A new ship arrives in the river. She has jaunty sails, a naked mermaid as a figurehead, and negotiates the sand bar nimbly. The colonists crowd onto the shore to greet her, stamping their feet to banish the cold, the children laughing and pointing delightedly at the nudity.
Edwyn comes ashore with a large white-bearded captain who speaks no Welsh or English but sniggers at anything anyone says.
‘Where’s the Denby?’ Edwyn asks, ‘she left Patagones before we did.’
‘Held up somewhere, I expect,’ someone replies. ‘You know what Ivor’s like.’
The ship is loaded with cattle, seeds and agricultural equipment – with the compliments of the Argentine government. A present from minister Rawson to celebrate the promise of harvest. The colonists forget the Denby as they gleefully unload ploughs, rakes, sowing and tamping machines – the best, most up-to-date equipment anyone can buy. The men are delighted, their voices high and excited as children’s at Christmas. Most of the machines will be communal. Some of them are even new to the Americans and they take it in turns to experiment with them, laughing as the ploughs go askew, and the harvester leaves the wheat intact.
‘We can’t fail now,’ says one, and a row of heads around him nods. ‘With all that we’ve learnt, and this. We could be rich, gentlemen.’
‘With the Lord’s blessing,’ says Cara
doc.
‘Amen.’
Miriam runs out to meet him.
‘She’s not back,’ she says. ‘I don’t know where she’s gone.’
‘Who’s with her?’
‘She’s on her own. The children are in bed asleep.’
Last night he’d caught Megan weeping over milk that had turned sour.

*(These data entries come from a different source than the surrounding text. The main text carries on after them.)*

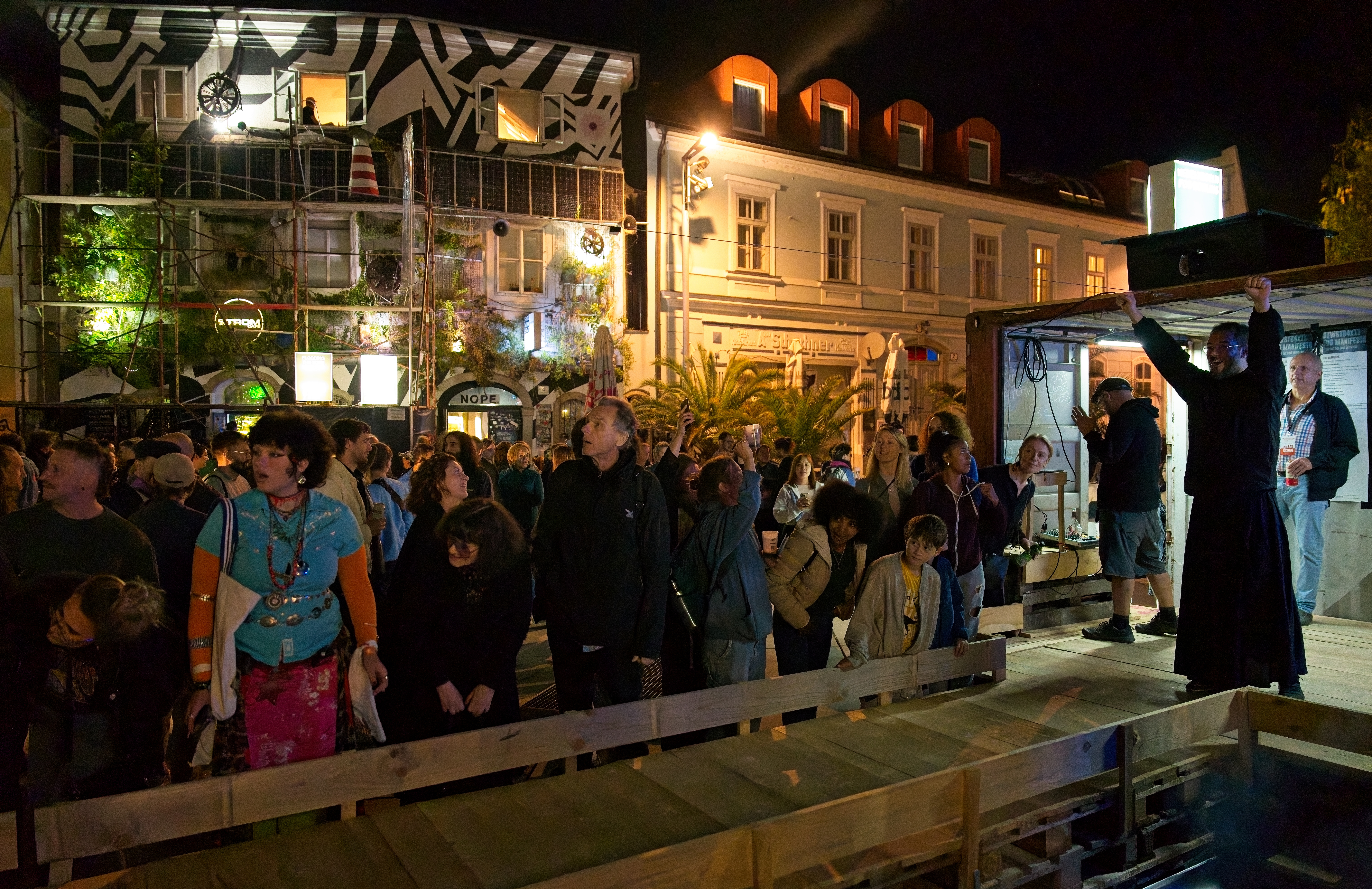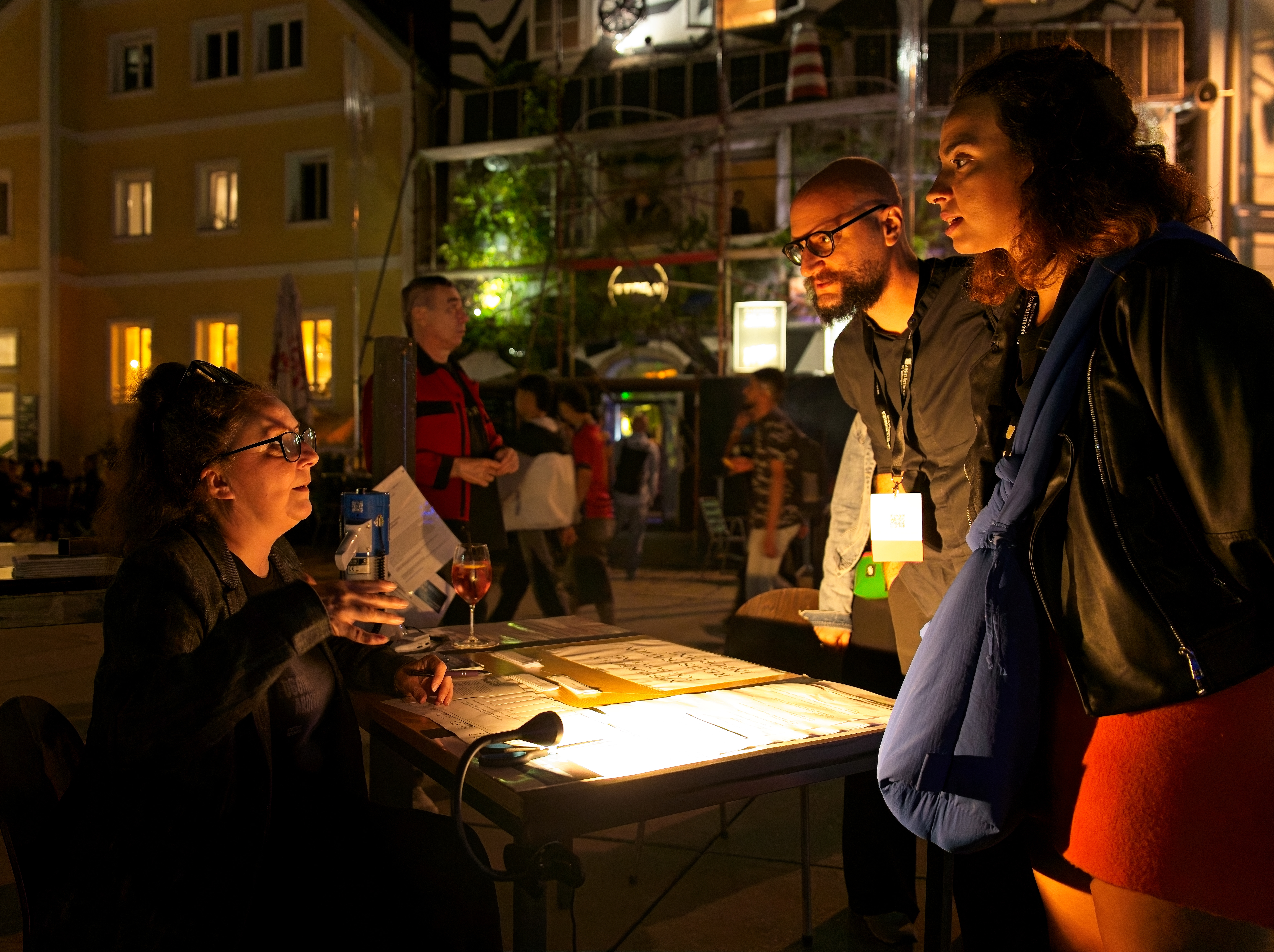 NEBELKEGELN is in some aspects also a paraphrase and reorganisation of the earlier Stadtwerkstatt project GLASFIEBER: While the earlier project featured a bowling tournament with glass pins as a splintering reality, with NEBELKEGELN Stadtwerkstatt today showcases the short path from decentralization to disorientation - and a state of dematerialization and dissolution.
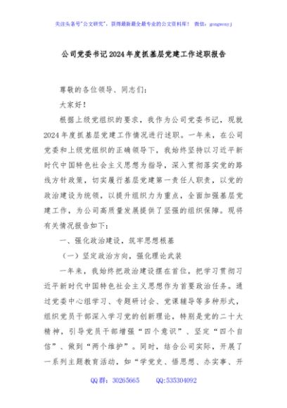 / 公司党委书记2024年度抓基层党建工作述职报告
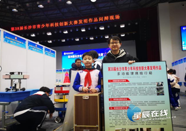 (马隐川在第3长沙市青少年科技创新大赛现场。)
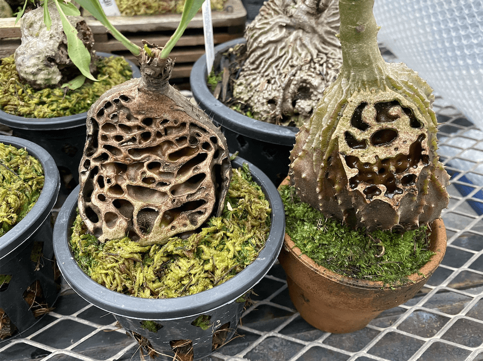 アリを住まわせるために肥大化したり、奇妙にねじれたその見た目は一見グロテスクにも見えますが、生き残るために進化したその姿はどこか愛らしく、ユーモラスで憎めません。形態は品種ごとに千差万別。どの品種も個性に富んだユニークな姿をしており、中にはとても美しい花を咲かせたりと観賞価値も高く、見る人を魅了します。
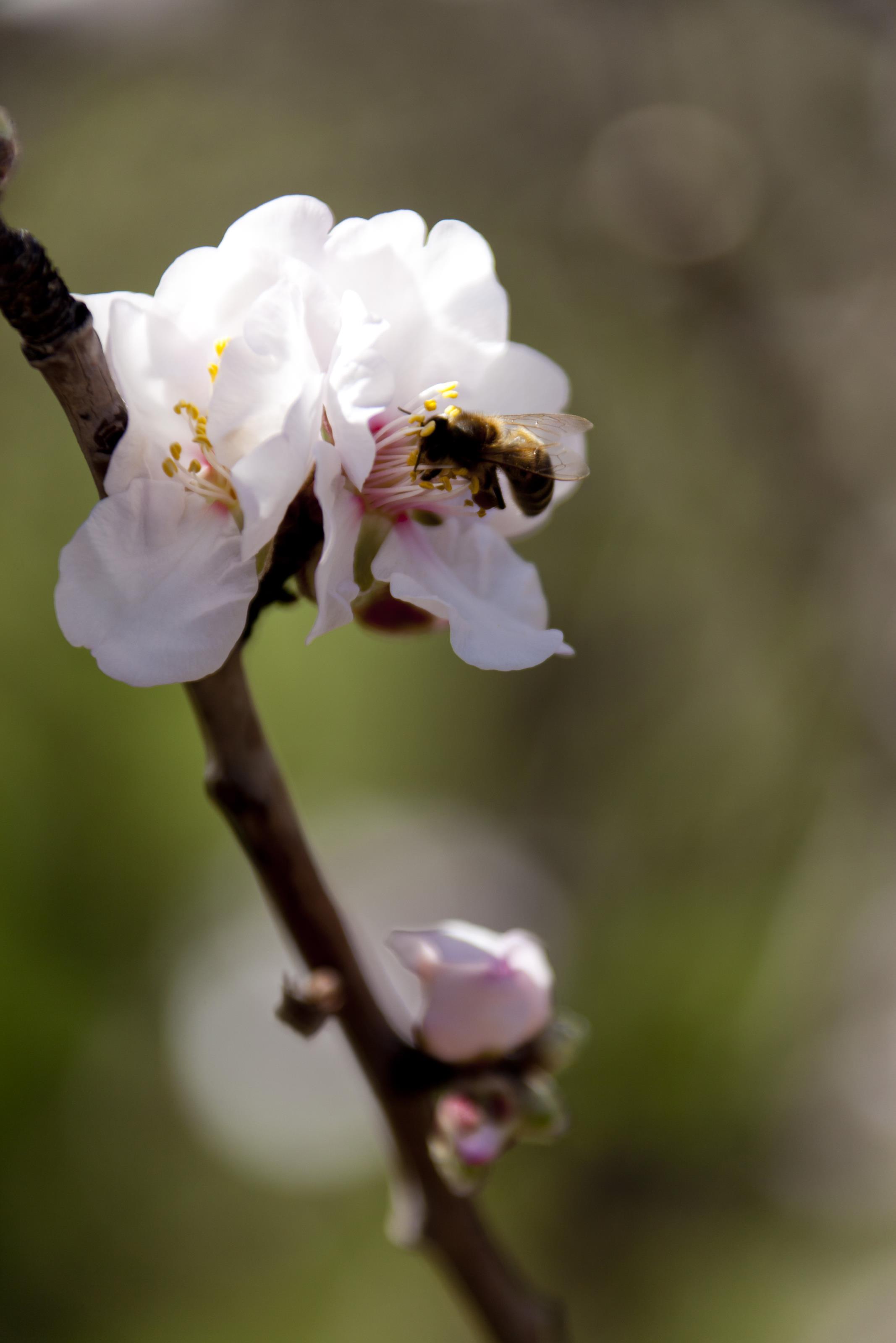 Närbild på mandelträdets blommor. Sökord: barranco de guayadeque bi bin blomma blommor gran canaria ingenio insekt insekter kanarieöarna mandel mandelblommor mandelträd spanien

‘The Tylwyth Teg,’ she’d said, ‘they’re playing tricks. I have to find out where they’re coming from.’ He’d had to stop her going out there and then, eventually persuading her to mutter a prayer instead – one that had sounded more like a spell than a message to God.
He walks to the Jones’ house and looks around him. The land is slightly higher there and he can see for a long way in each direction. The landscape is as empty as it usually is – almost flat without interruption to the hills and to the river. It is not quite night and everything is a shade of grey, blue or black. When he thinks he can see a slight movement in the vegetation towards the river he walks towards it.
She won’t have gone far. She has no shoes, just some slippers Silas has sewn together for her from hide. Closer to the river he spots her footsteps, almost circular like the Tehuelches’. They lead along the bank, keeping close to the water’s edge.
He comes upon her suddenly, sitting on a rock, looking out over the river.
She is staring at something ahead of her that seems to be absorbing her completely. Even when he climbs up beside her and touches her arm she doesn’t turn.
‘St David’s lights,’ she murmurs, but when he peers into the darkness he can see nothing.
‘Megan?’ he says gently, but she doesn’t turn.
‘Candles, burning on the water, leading the way.’
There are tears in her eyes. She blinks and they begin a slow track down her face.